Exercise requirements
After locating the line with "12月15日(火)、3年生生" in the data that follows, return it and every later line exactly, up to and including the line with "The AKG WMS".

Record excerpts
= = =

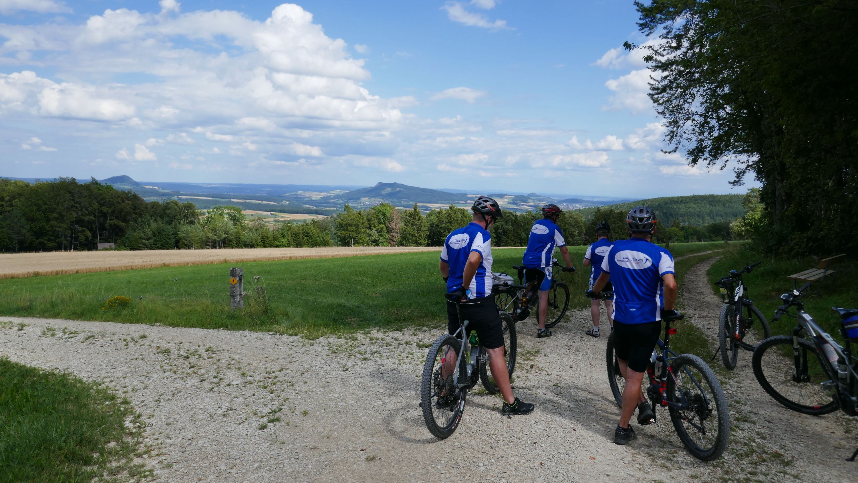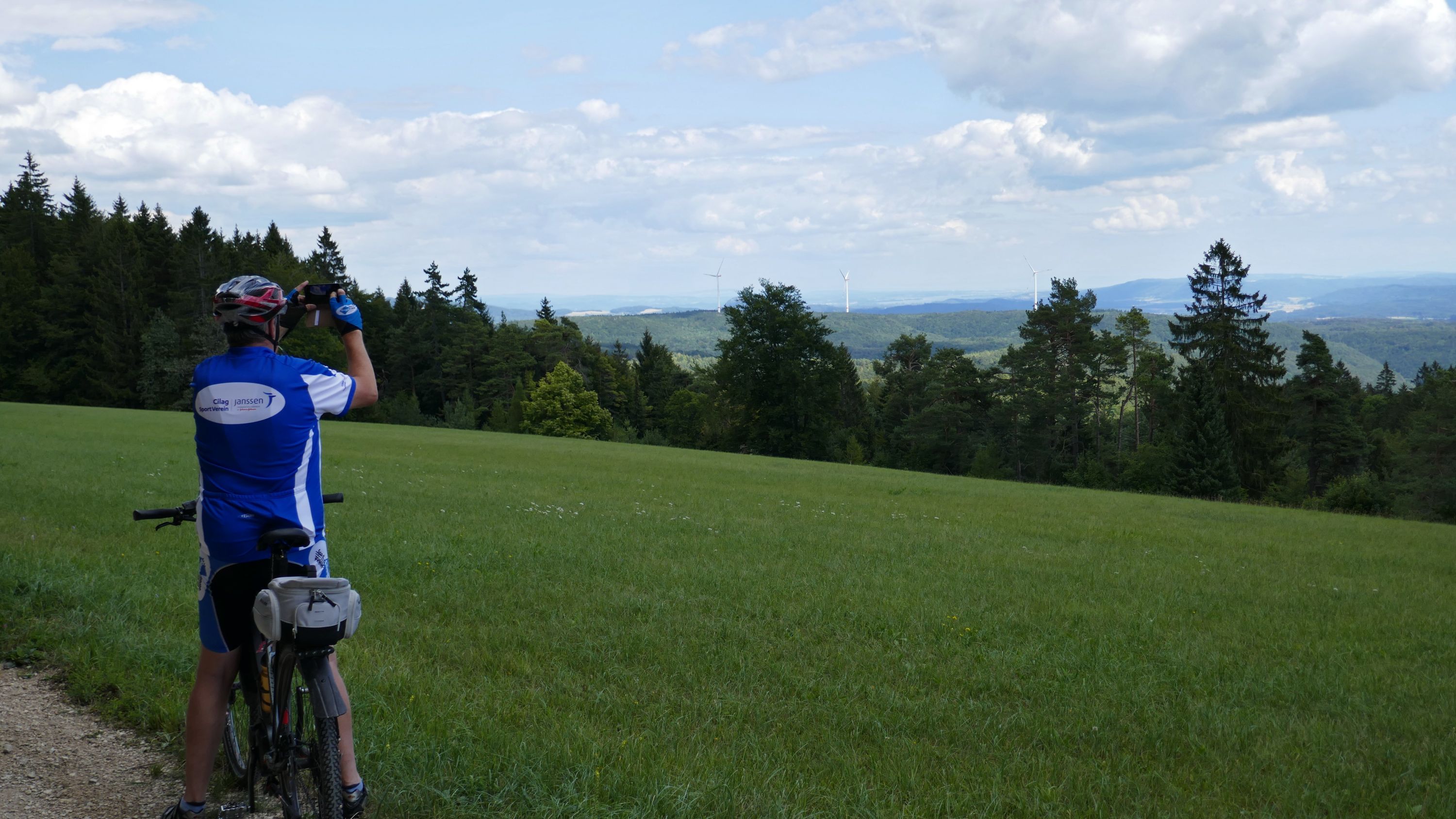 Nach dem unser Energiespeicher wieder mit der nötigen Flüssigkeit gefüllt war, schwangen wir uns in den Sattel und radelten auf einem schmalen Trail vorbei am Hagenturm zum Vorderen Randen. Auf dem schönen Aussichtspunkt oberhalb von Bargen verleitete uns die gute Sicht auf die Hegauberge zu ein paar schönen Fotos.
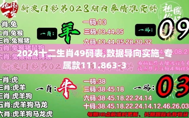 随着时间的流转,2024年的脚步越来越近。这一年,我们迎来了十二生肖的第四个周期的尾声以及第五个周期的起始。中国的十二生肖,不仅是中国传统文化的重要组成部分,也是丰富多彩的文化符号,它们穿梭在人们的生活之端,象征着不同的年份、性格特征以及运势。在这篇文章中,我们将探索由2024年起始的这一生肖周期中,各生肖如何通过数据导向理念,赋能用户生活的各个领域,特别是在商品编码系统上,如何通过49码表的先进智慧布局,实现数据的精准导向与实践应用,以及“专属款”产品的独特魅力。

= = =

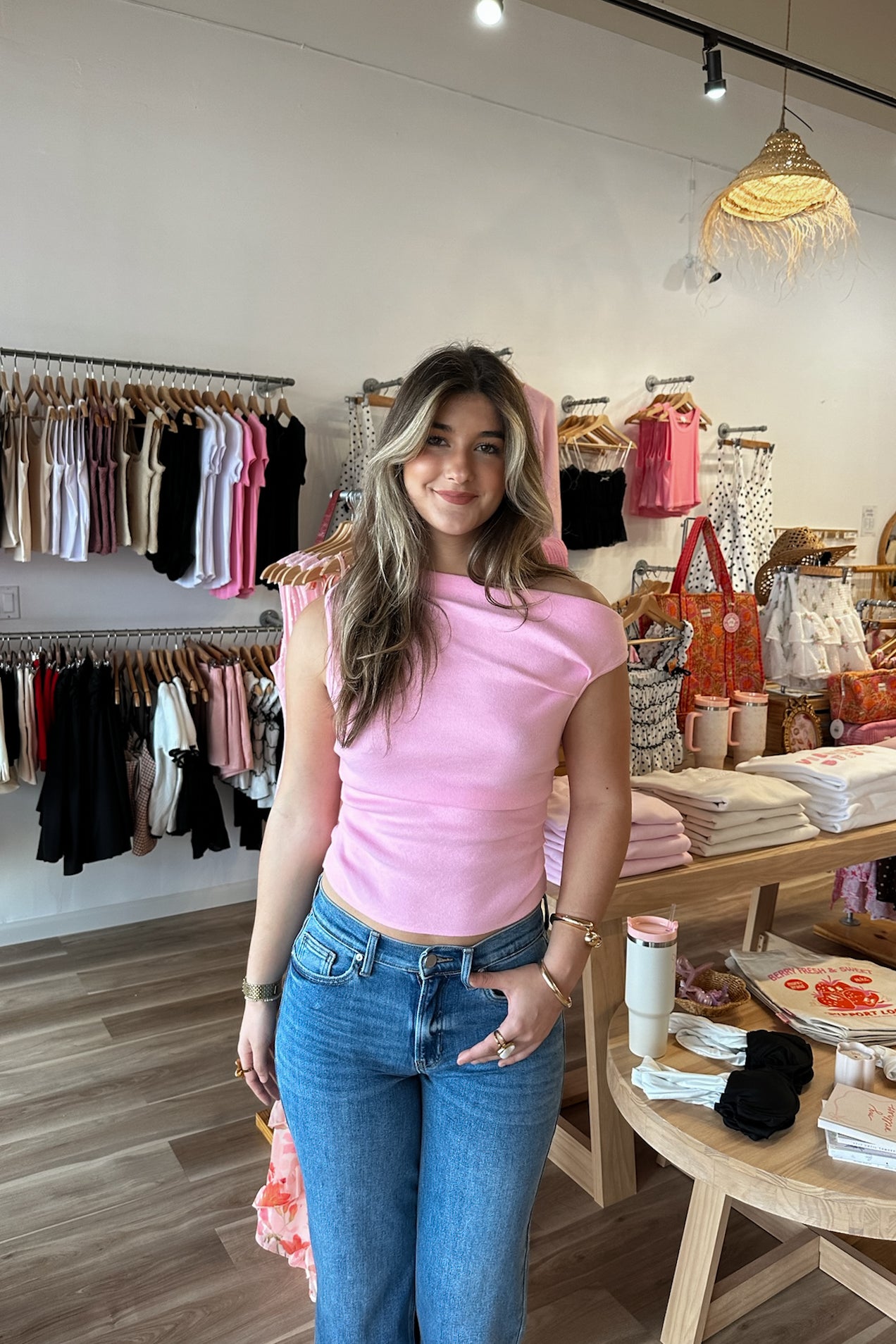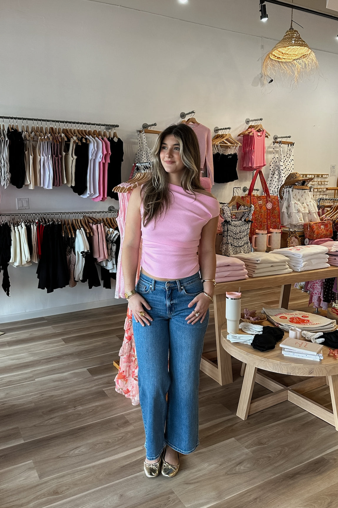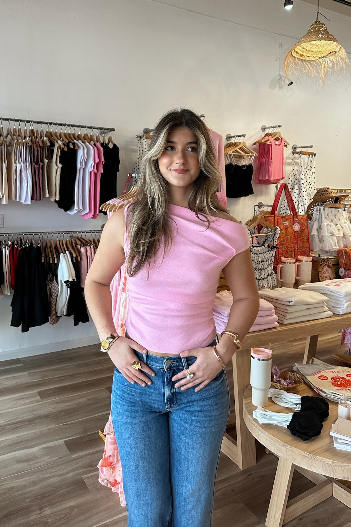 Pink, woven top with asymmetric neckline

= = =

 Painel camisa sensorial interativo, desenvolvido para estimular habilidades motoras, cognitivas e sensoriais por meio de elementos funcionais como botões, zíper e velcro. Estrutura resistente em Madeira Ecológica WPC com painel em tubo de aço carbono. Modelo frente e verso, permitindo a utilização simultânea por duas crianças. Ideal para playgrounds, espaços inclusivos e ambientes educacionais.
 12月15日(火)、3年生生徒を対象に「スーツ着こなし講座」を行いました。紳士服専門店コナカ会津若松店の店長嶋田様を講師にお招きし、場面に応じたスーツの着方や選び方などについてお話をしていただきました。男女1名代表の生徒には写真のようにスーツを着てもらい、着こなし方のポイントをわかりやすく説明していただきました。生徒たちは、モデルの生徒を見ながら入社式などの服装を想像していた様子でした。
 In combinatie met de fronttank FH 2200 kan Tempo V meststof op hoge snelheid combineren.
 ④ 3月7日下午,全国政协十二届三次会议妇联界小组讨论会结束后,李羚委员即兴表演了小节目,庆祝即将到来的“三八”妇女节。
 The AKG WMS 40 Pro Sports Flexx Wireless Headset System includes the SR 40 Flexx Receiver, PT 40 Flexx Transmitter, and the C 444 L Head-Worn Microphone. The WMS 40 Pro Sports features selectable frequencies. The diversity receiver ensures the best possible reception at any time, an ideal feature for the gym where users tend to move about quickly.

= = =

Result
 12月15日(火)、3年生生徒を対象に「スーツ着こなし講座」を行いました。紳士服専門店コナカ会津若松店の店長嶋田様を講師にお招きし、場面に応じたスーツの着方や選び方などについてお話をしていただきました。男女1名代表の生徒には写真のようにスーツを着てもらい、着こなし方のポイントをわかりやすく説明していただきました。生徒たちは、モデルの生徒を見ながら入社式などの服装を想像していた様子でした。
 In combinatie met de fronttank FH 2200 kan Tempo V meststof op hoge snelheid combineren.
 ④ 3月7日下午,全国政协十二届三次会议妇联界小组讨论会结束后,李羚委员即兴表演了小节目,庆祝即将到来的“三八”妇女节。
 The AKG WMS 40 Pro Sports Flexx Wireless Headset System includes the SR 40 Flexx Receiver, PT 40 Flexx Transmitter, and the C 444 L Head-Worn Microphone. The WMS 40 Pro Sports features selectable frequencies. The diversity receiver ensures the best possible reception at any time, an ideal feature for the gym where users tend to move about quickly.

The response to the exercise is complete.